## Action item
All that is wanted is the exact lines from the first line of the data below through the line with "純正HIDバルブを高輝度LE", both ends included, with pictures omitted.

---*---

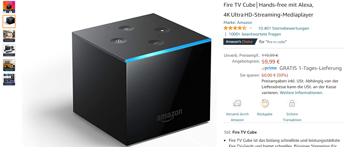 Amazon Fire TV Cube sofort Lieferbar 79 Euro
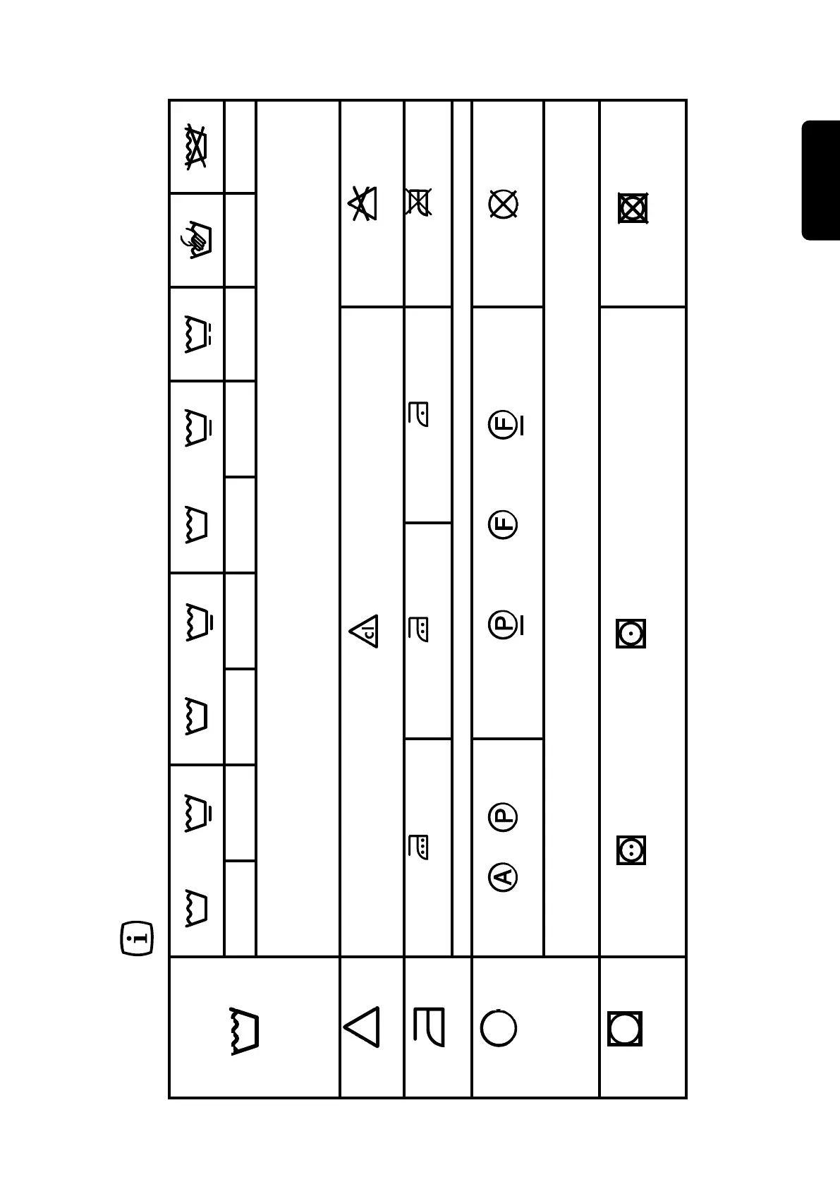 De streep onder de cirkel betekent: lichte belading, hoge vlotverhouding, weinig mechanische beweging, korte reinigings, -spoel- en
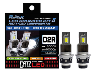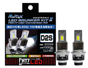 純正HIDバルブを高輝度LEDバルブに交換可能で、HIDよりも明るく瞬時に100%の明るさとなり夜間走行の路面を確実に照射し見易さや安全性が向上。
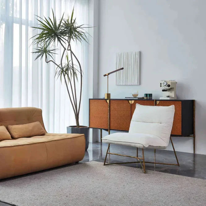 Thaddeus Metal Frame Rattan Long Side Cabinet
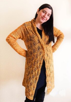 Wheatfield Cardi is worked seamless from the bottom-up, made in fingering weight yarn, so is great for all seasons. The cardigan has a great drape and fits well in all kinds of bodies.
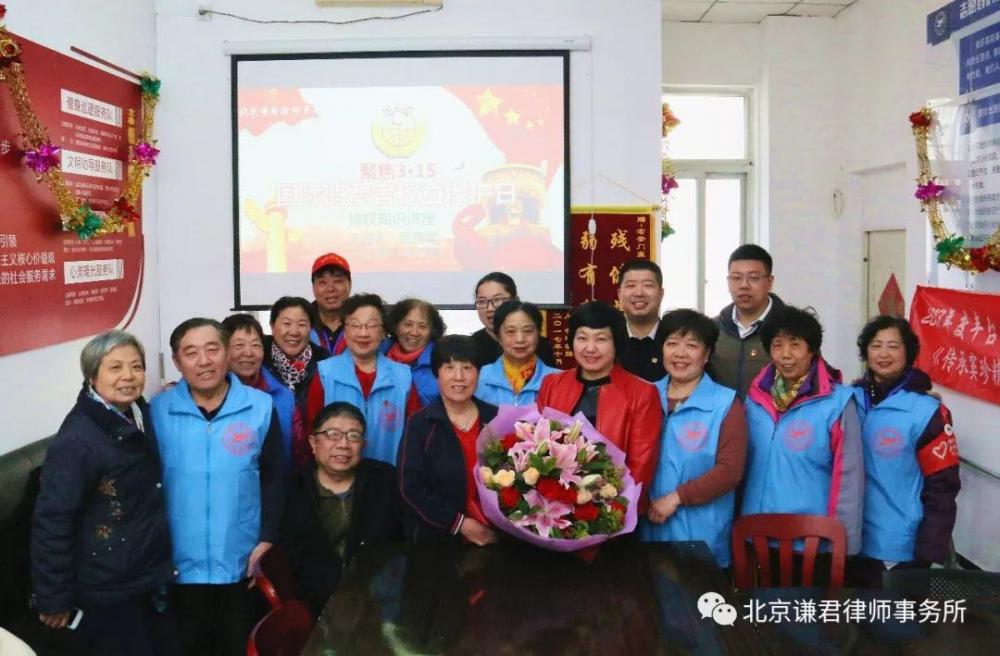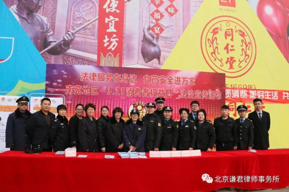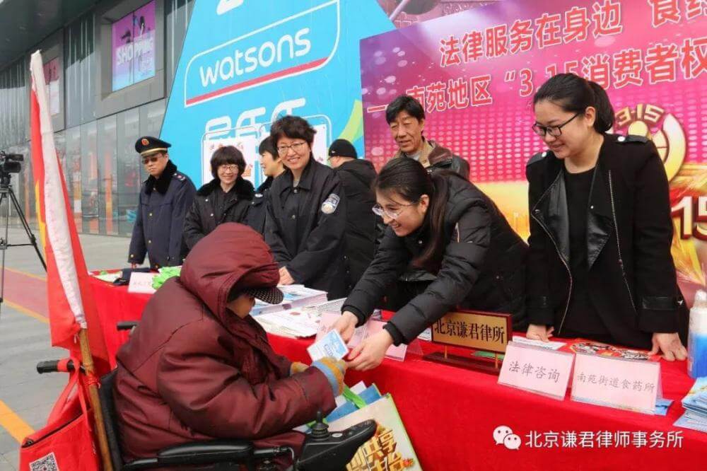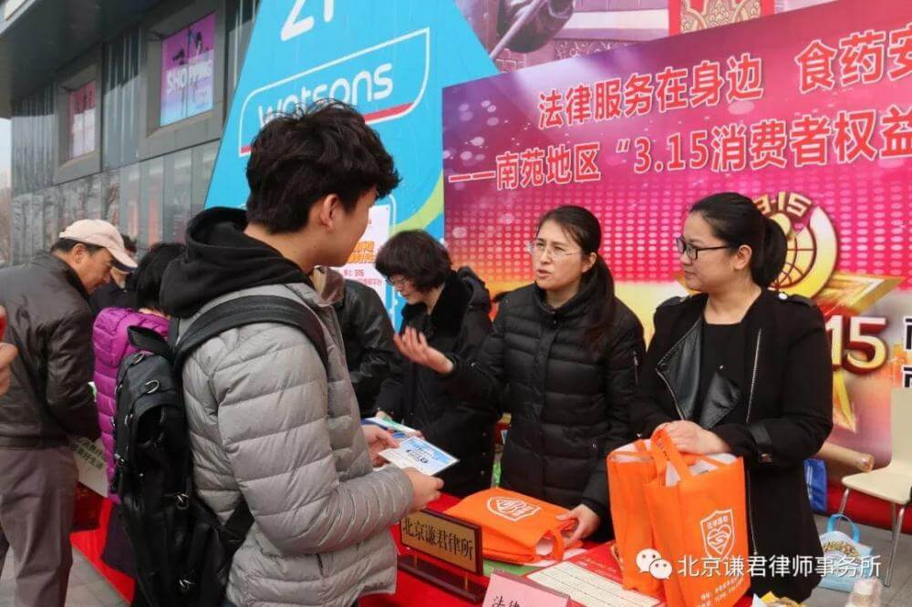 3月14、15日,北京谦君律师事务所武丽君主任、吴彦明律师等一行6人,分别参加了由南苑街道司法所会同南苑乡司法所联合在槐房万达广场组织开展的“法律服务在身边,食药安全进万家---南苑地区‘3.15’消费者权益日”法治宣传活动和右安门街道司法所在窦珍志愿者协会组织开展的“聚焦‘3.15’国际消费权益保护日知识讲座”普法培训活动。
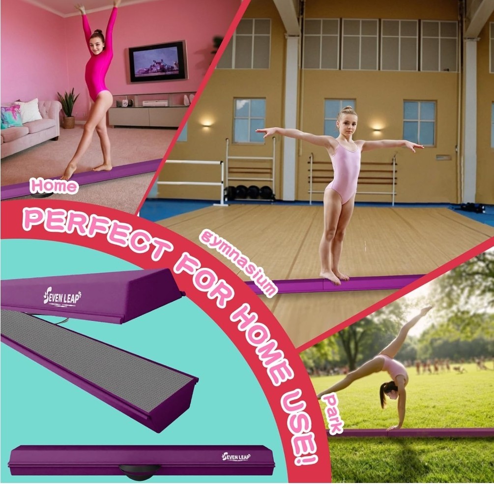 8ft Folding Gymnastics Balance Beam Foam Kids Non-Slip Open Box Pink or Purple
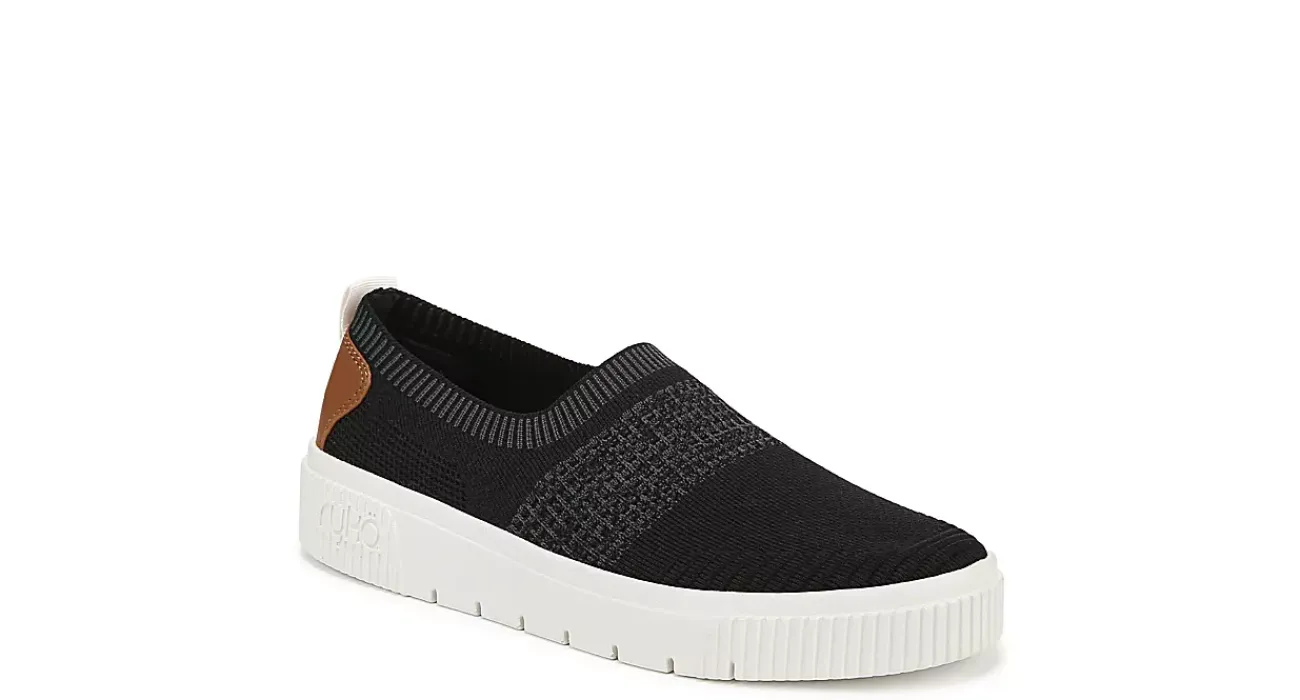Ultimate comfort comes with the Vista slip-on sneaker from Ryka. Designed with a breathable knit fabric upper with a stretch topline, this casual shoe has a Surround Fit insole and cushioned EVA heel cup that supports your foot. The RE-ZORB® outsole has flex grooves for extra durability and flexibility.

---*---

## Your response
 Amazon Fire TV Cube sofort Lieferbar 79 Euro
 De streep onder de cirkel betekent: lichte belading, hoge vlotverhouding, weinig mechanische beweging, korte reinigings, -spoel- en
 純正HIDバルブを高輝度LEDバルブに交換可能で、HIDよりも明るく瞬時に100%の明るさとなり夜間走行の路面を確実に照射し見易さや安全性が向上。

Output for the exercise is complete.